(Extracted records)
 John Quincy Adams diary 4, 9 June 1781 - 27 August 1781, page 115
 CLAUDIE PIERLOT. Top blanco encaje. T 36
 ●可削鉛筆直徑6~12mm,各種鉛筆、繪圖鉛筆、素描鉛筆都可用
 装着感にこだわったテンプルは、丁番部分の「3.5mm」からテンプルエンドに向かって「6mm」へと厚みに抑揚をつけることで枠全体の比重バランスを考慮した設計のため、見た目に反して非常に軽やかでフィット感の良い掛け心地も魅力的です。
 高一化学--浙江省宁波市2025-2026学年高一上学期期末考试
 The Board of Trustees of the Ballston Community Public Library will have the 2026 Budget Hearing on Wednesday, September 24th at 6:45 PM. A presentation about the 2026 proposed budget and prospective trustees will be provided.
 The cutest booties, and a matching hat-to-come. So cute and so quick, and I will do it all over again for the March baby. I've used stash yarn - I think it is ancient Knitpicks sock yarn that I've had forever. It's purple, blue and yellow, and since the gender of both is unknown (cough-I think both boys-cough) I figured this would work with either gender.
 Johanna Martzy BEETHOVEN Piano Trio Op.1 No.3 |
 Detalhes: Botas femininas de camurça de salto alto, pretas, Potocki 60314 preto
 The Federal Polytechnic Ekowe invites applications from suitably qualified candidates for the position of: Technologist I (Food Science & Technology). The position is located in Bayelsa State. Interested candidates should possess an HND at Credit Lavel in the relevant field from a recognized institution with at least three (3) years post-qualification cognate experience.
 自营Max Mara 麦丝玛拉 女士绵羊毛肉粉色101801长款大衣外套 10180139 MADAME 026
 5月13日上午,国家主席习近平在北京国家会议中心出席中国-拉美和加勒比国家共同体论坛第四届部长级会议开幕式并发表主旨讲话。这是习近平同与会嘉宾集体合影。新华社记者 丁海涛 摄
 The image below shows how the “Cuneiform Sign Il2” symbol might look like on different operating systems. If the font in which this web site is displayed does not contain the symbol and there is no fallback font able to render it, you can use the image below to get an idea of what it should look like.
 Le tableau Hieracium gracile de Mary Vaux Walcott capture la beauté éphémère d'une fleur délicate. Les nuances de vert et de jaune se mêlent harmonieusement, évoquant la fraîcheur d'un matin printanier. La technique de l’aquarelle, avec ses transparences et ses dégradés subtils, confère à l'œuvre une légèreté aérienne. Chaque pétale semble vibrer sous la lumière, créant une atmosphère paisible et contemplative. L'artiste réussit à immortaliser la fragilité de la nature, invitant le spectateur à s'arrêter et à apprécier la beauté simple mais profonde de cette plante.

Problem to solve ▸ Go through the data and return each line where the word "should" appears.

Answer to this problem ▸
 The Federal Polytechnic Ekowe invites applications from suitably qualified candidates for the position of: Technologist I (Food Science & Technology). The position is located in Bayelsa State. Interested candidates should possess an HND at Credit Lavel in the relevant field from a recognized institution with at least three (3) years post-qualification cognate experience.
 The image below shows how the “Cuneiform Sign Il2” symbol might look like on different operating systems. If the font in which this web site is displayed does not contain the symbol and there is no fallback font able to render it, you can use the image below to get an idea of what it should look like.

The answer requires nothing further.